Dataset section:
- - -

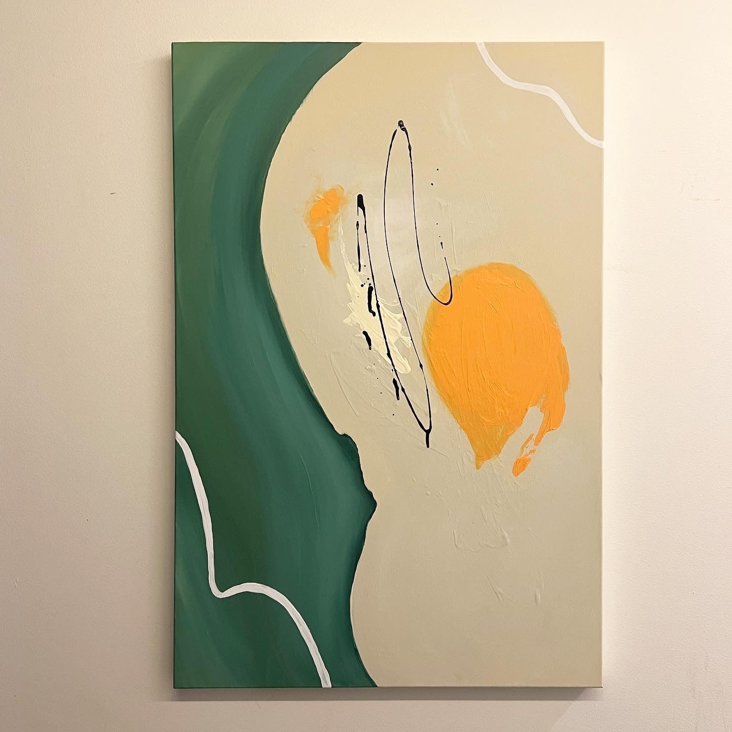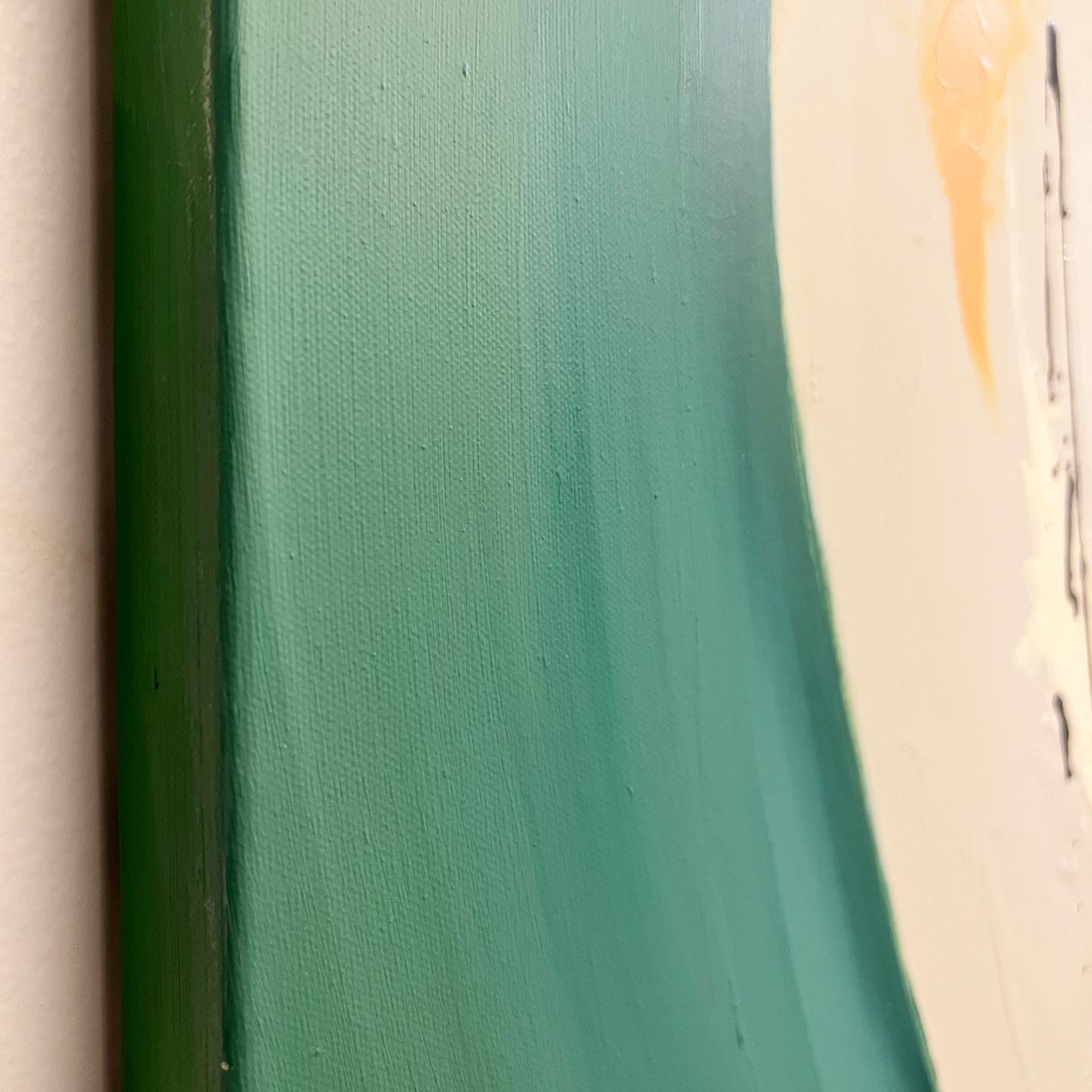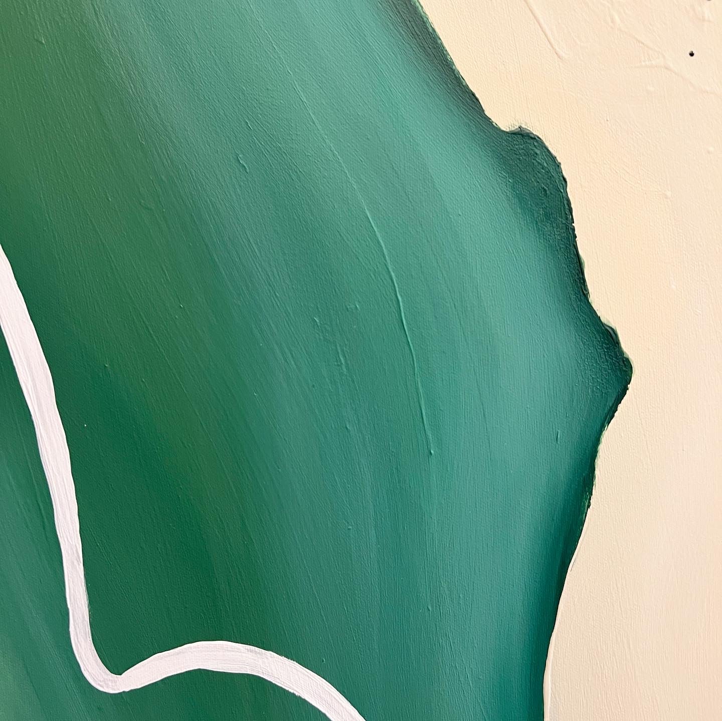 I love this green so much. It’s very emerald, a muted blue melted and brushed with white titanium. It’s textured and has many layers. Will come wrapped, and ready to hang. It’s pretty light, and two thumb tacks will do just fine.
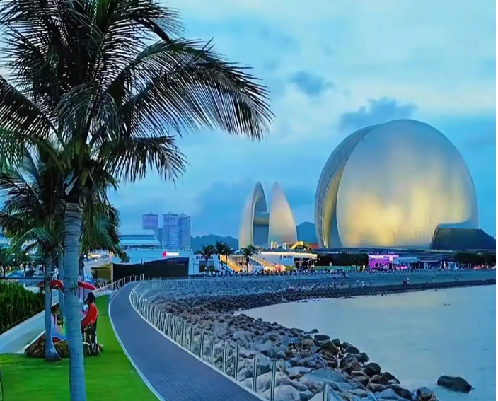 早餐后,游览珠海新地标―【野狸岛 - ⽇⽉⻉】,珠海⼤剧院是中国唯⼀建在海岛上的歌剧院,在⼀望⽆际的蓝⾊海⾯上与郁郁葱葱的 野狸岛交相辉映,可以创造出歌剧院建筑⽆⽐崇⾼的艺术魅⼒。这⾥不仅有珠海⼤剧院,还 可供⼤家餐饮娱乐购物的⼤型商业综合体“海韵城”等。
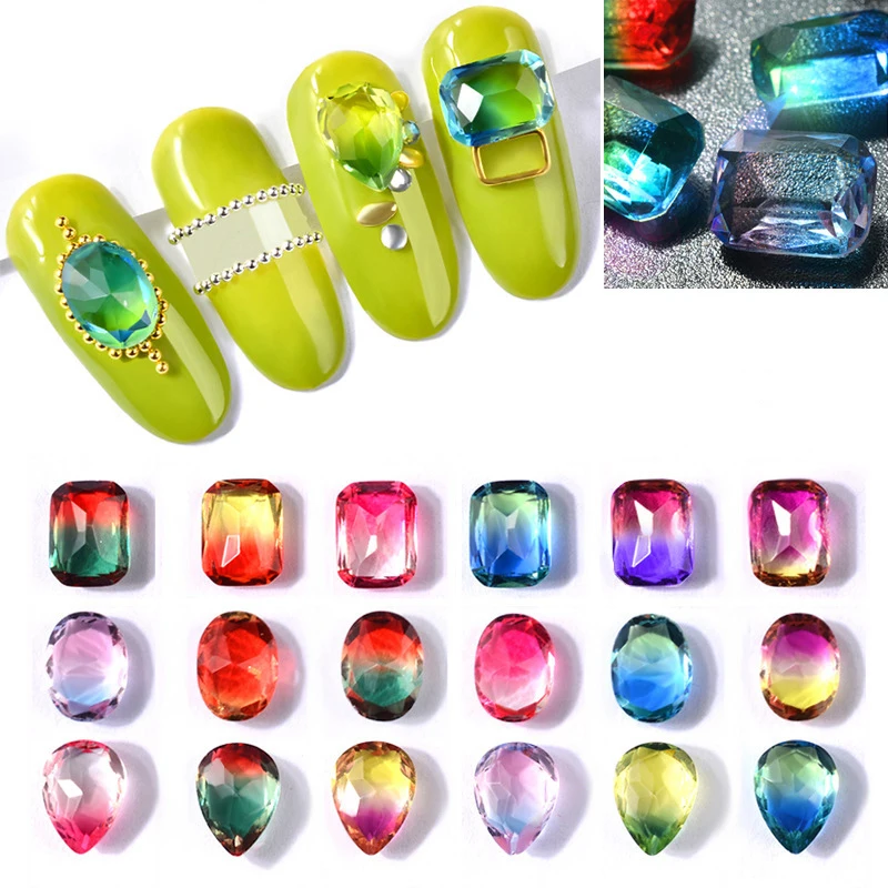 3D блестящие цветные стеклянные стразы для ногтей, стразы с острым основанием, стразы для дизайна ногтей, украшения драгоценных камней, аксессуары для маникюра
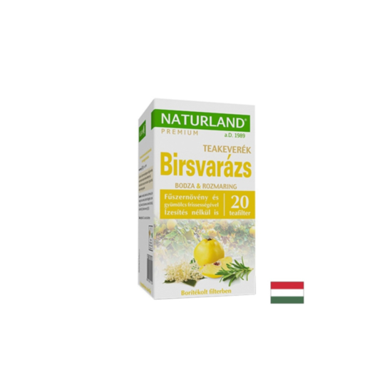 Съставки: Ябълкови кюспета, хранителна киселина (лимонена киселина), шипка, сладки листа от къпина, печен корен от цикория, розмарин (5%), аромат от бъз 3% (аромат от бъз, концентрат от бъз), кюспе от бъз (1%), аромат на дюля (0,5%).

- - -

What is needed is every line of the data above, set down exactly but with the images left out.

 I love this green so much. It’s very emerald, a muted blue melted and brushed with white titanium. It’s textured and has many layers. Will come wrapped, and ready to hang. It’s pretty light, and two thumb tacks will do just fine.
 早餐后,游览珠海新地标―【野狸岛 - ⽇⽉⻉】,珠海⼤剧院是中国唯⼀建在海岛上的歌剧院,在⼀望⽆际的蓝⾊海⾯上与郁郁葱葱的 野狸岛交相辉映,可以创造出歌剧院建筑⽆⽐崇⾼的艺术魅⼒。这⾥不仅有珠海⼤剧院,还 可供⼤家餐饮娱乐购物的⼤型商业综合体“海韵城”等。
 3D блестящие цветные стеклянные стразы для ногтей, стразы с острым основанием, стразы для дизайна ногтей, украшения драгоценных камней, аксессуары для маникюра
 Съставки: Ябълкови кюспета, хранителна киселина (лимонена киселина), шипка, сладки листа от къпина, печен корен от цикория, розмарин (5%), аромат от бъз 3% (аромат от бъз, концентрат от бъз), кюспе от бъз (1%), аромат на дюля (0,5%).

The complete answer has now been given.